Share your dilemmas and get honest opinions from other Mumsnetters.

Dating - am I unreasonable to just nip it in the bud?

115 replies

MondeoFan · 07/09/2025 13:18

Started seeing a new bf and have had 4 dates so far. The dates have been lovely, but he doesn’t ask me any questions at all. Like not a single thing? I think this is weird! Isn’t he interested in finding out about me or my life. I’ve told him a few bits willingly but he hasn’t asked. He texts daily when we can’t see each other but sometimes he won’t message all day and only much later in the evening. Am I overthinking it? Or should I just nip it in the bud and tell him I think the reason is he doesn’t seem really interested? The dates go really well, and when I get home I always think awwww how lovely it was. Should I give it a bit longer?

OP posts:
Lovetosurf · 07/09/2025 17:41

How have you actually got through four dates without him asking any questions? I'm not sure how a date can 'go well' if only one person is putting in the effort. Takes two to have a conversation! Lack of curiosity is very dull. Sounds boring to me, that he can't make the effort to ask one single question about you.
Even if he's shy, by the 2nd date you'd think he'd feel comfortable enough to find out more about you with a question or two!

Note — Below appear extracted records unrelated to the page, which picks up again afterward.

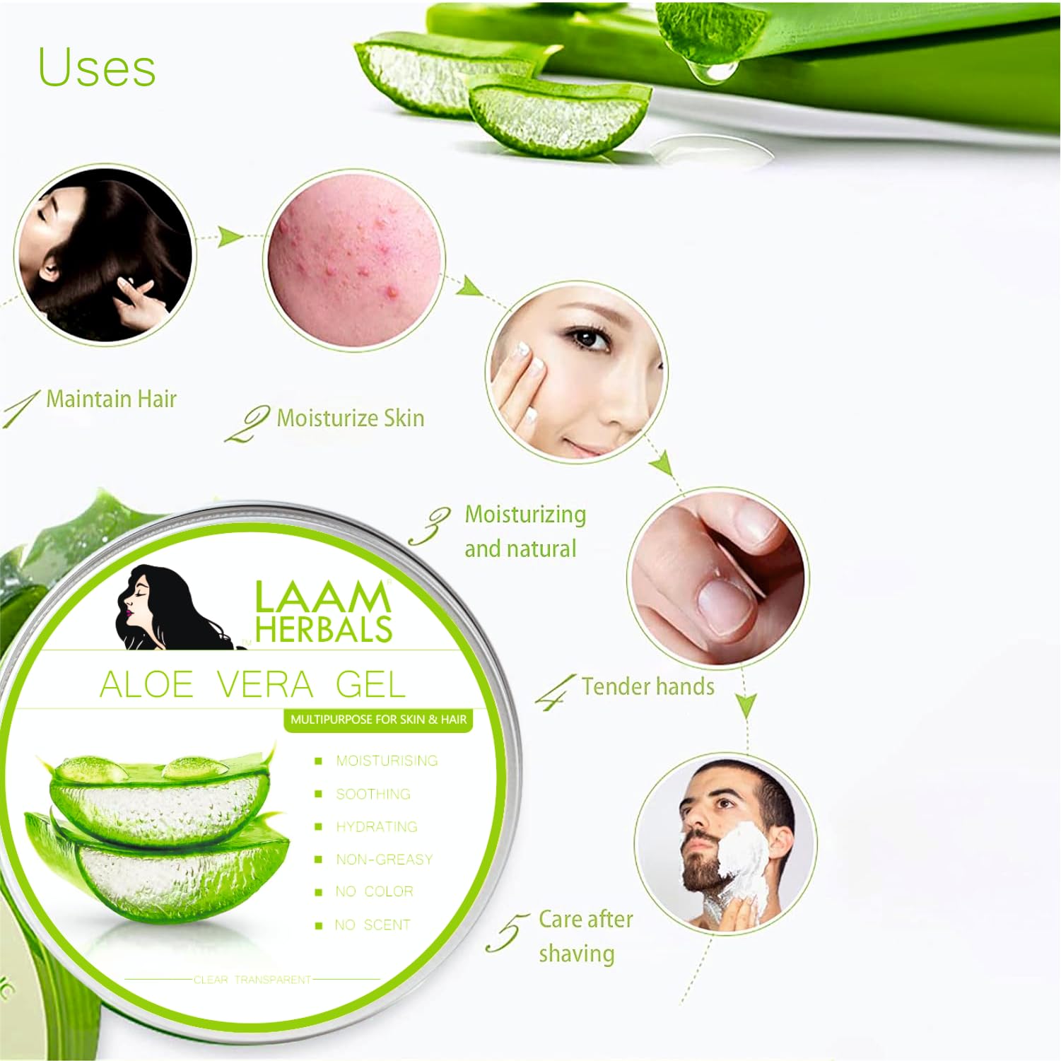 Laam Herbals Aloe Vera Gel 97% | Clear Transparent No Color & No Scent | Non-Greasy Soothing Hydrating & Moisturising | Multi-Purpose for Skin & Hair-700g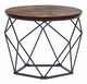 Táto súprava dvoch konferenčných stolíkov zvýrazní vzhľad vášho obytného priestoru. Vrch oboch stolíkov, vyrobený z odolnej drevotriesky vo farbe tmavého dreva, je odnímateľný. Geometrická kovová základňa v čiernom prevedení dopĺňa celkový dizajn stolíkov. Súprava konferenčných stolíkov je ideálna na servírovanie nápojov alebo občerstvenia a možno ju použiť aj na vystavenie dekoratívnych váz a rôznych predmetov.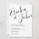 Una invitación de boda moderna pero informal en una caligrafía negra y sans serif. Puedes colocar tu foto en la parte de atrás.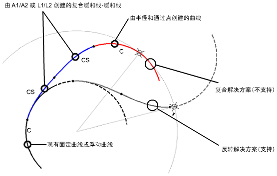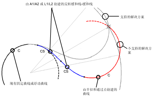 在需要两条紧接的反向过渡缓和曲线且曲线形状必须通过一个指定点的情况下,可以添加带有缓和曲线的浮动反向曲线。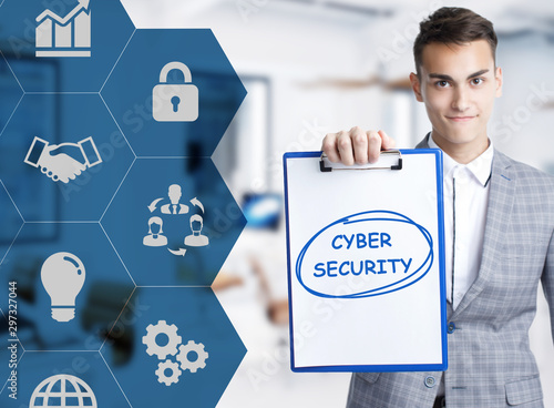 Business, technology, internet and network concept. Young businessman shows a keyword: Cyber security
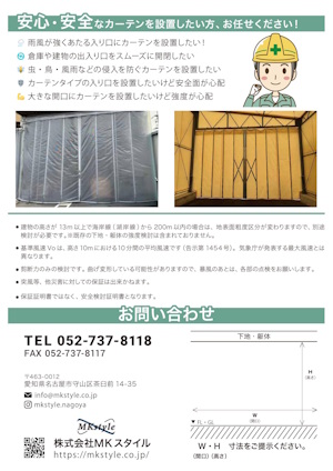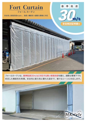 株式会社MKスタイル(本社:名古屋市守山区)は、2025年2月4日(火)より、新製品「フォールカーテン」に関するカタログをご案内いたします。基準風速30m/sに対応した耐風性能を備え、過酷な環境下でも高い安全性と機能性を発揮するフォールカーテン。本カタログでは、製品の特長や用途、豊富なカラーバリエーションについて詳しくご紹介しております。施設や現場での課題解決に向けて、ぜひご活用ください。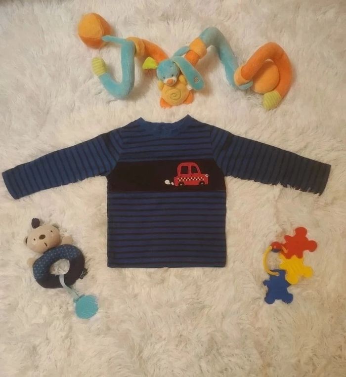 Tee-shirt manches longues à rayures "Voiture" T. 18 Mois 💮 60% Coton 40% Polyester - photo numéro 1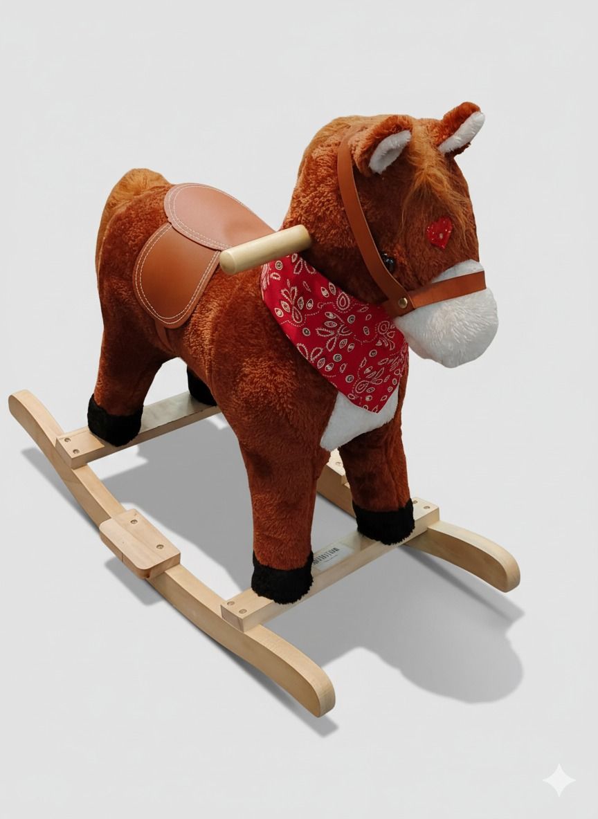 "A charming plush rocking horse with a sturdy frame and wheel base, featuring soft fabric, secure handles, and smooth rocking motion—perfect for safe, fun play and developing balance and coordination."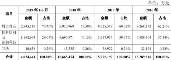 而作为国内最大的农产品和食品加工企业之一,金龙鱼的主要产品包括厨房食品、饲料原料及油脂科技产品。从收入构成来看,2016年-2019年3月份,金龙鱼的厨房食品为其贡献了一半以上的收入。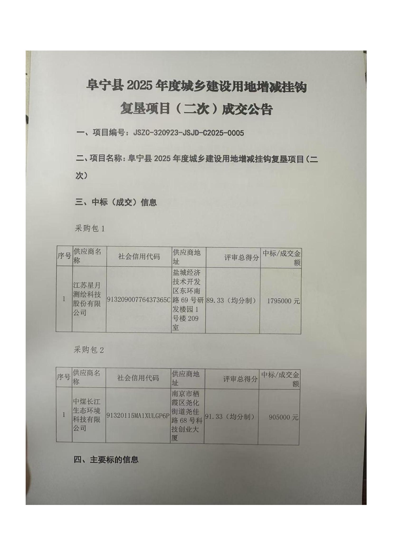 阜宁县2025年度乡建设地钩复垦项目(二次)成交公告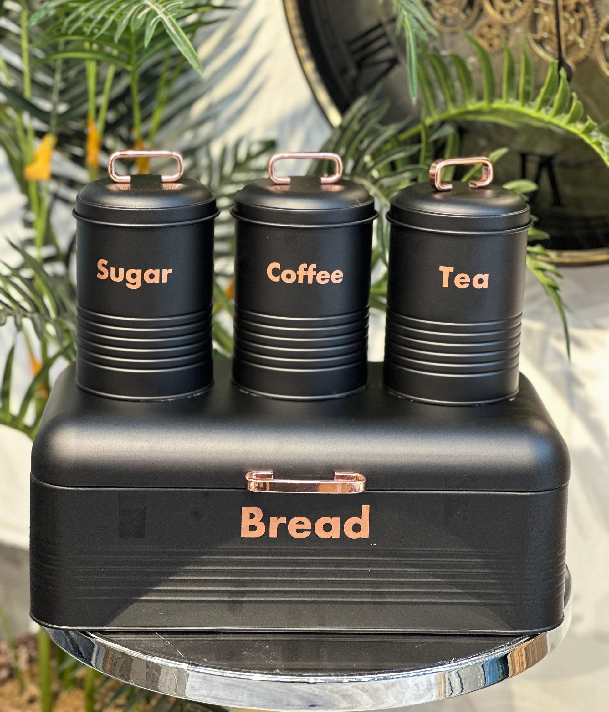 Bu siyah metal ekmeklik ve 3'lü saklama kabı seti ile mutfaklarınıza hem şıklık hem de işlevsellik katın!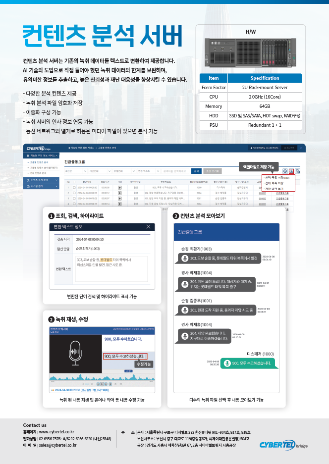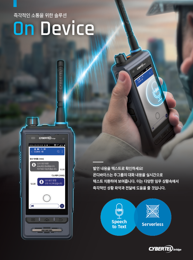 주그룹의 대화 내용을 실시간 텍스트로 치환하여 보여주는 On Device STT(Speech To Text) 솔루션은 다양한 현장 임무 상황에서 즉각적인 상황 파악에 도움을 줍니다. 또, AI 컨텐츠 분석 솔루션은 수집된 방대한 녹음 데이터를 AI 텍스트 변환하여 키워드 기반으로 검색을 지원하는 등 저장된 데이터의 가치를 높이고 업무 효율을 대폭 상승시킵니다.

MondeoFan · 07/09/2025 17:45

@Lovetosurfi know what you’re saying, I just meant well as in “no awkward silences” and we have stuff in common. Talked about cars mainly as that’s our mutual interest, and what gigs look good for next year. But he literally doesn’t know how old my kids are, where I work, where I grew up, if my parents are still around etc…I feel like I know everything about him including why him and his ex split up, what cars his immediate neighbours have, his fave food, etc

OP posts:
GarlicPint · 07/09/2025 17:49

Thundertoast · 07/09/2025 14:46

I would agree with a PP that some people are brought up that asking questions is nosy, others are brought up that not asking questions is rude etc, but he's trying to date you!

A man who doesn't ask you questions is just trying to fill the girlfriend shaped hole in his life, and isnt actually interested in meeting a great person to be a good partner to.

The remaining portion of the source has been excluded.